━━━ Records provided ━━━

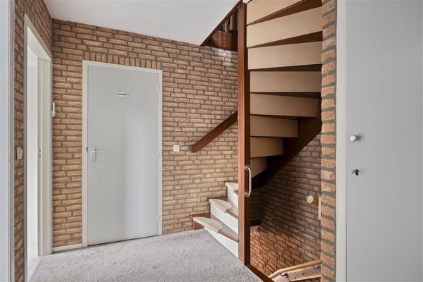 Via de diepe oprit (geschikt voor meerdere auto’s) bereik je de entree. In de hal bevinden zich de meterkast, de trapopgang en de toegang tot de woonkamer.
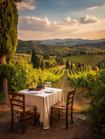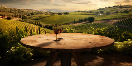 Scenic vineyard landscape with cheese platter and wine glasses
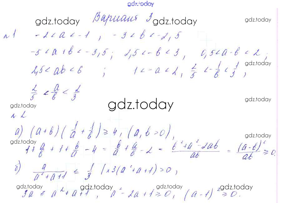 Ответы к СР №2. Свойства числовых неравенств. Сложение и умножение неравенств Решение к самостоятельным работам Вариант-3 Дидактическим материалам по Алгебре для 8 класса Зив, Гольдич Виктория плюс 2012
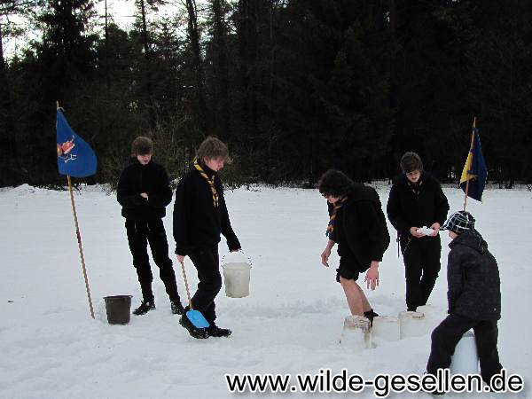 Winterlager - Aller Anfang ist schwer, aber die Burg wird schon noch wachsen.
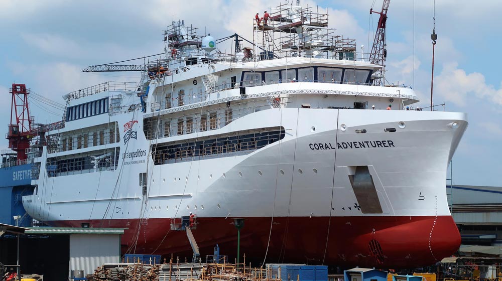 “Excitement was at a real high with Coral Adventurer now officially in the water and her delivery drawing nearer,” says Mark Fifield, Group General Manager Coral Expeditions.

━━━
━━━ Records provided ━━━

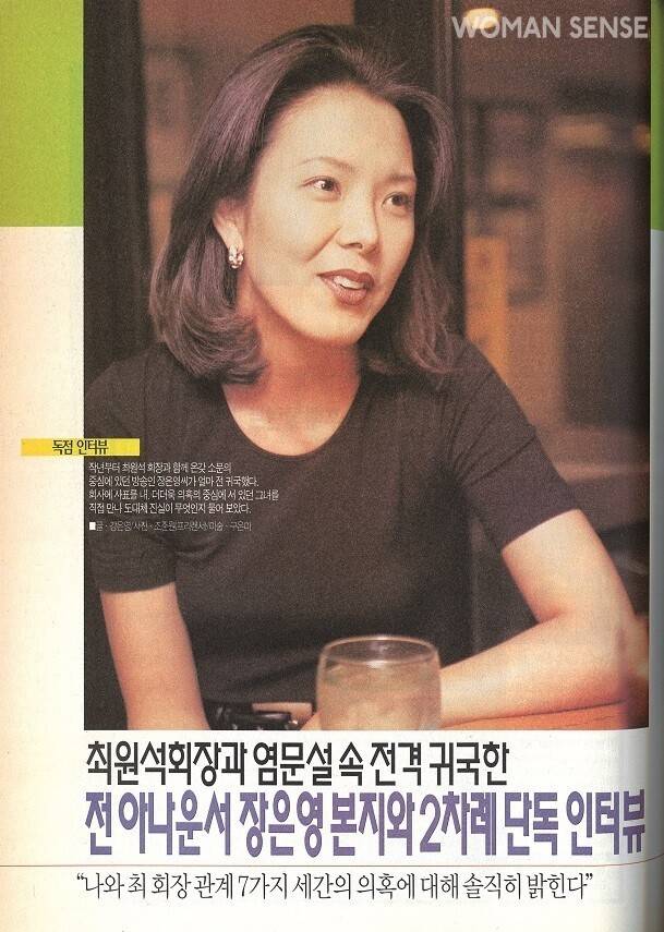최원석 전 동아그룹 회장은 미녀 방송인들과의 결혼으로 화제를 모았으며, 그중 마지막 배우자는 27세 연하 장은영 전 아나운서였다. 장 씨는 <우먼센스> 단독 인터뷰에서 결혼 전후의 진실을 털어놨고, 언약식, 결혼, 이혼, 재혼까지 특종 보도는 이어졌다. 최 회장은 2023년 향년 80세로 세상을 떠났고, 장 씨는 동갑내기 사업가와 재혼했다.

━━━

What needs to be done »
All pictures are to be skipped. Output, word for word, the lines in the data above starting at the line containing "Scenic vineyard landscape" and ending at the line containing "Manager Coral Expeditions.".

Response box »
 Scenic vineyard landscape with cheese platter and wine glasses
 Ответы к СР №2. Свойства числовых неравенств. Сложение и умножение неравенств Решение к самостоятельным работам Вариант-3 Дидактическим материалам по Алгебре для 8 класса Зив, Гольдич Виктория плюс 2012
 Winterlager - Aller Anfang ist schwer, aber die Burg wird schon noch wachsen.
 “Excitement was at a real high with Coral Adventurer now officially in the water and her delivery drawing nearer,” says Mark Fifield, Group General Manager Coral Expeditions.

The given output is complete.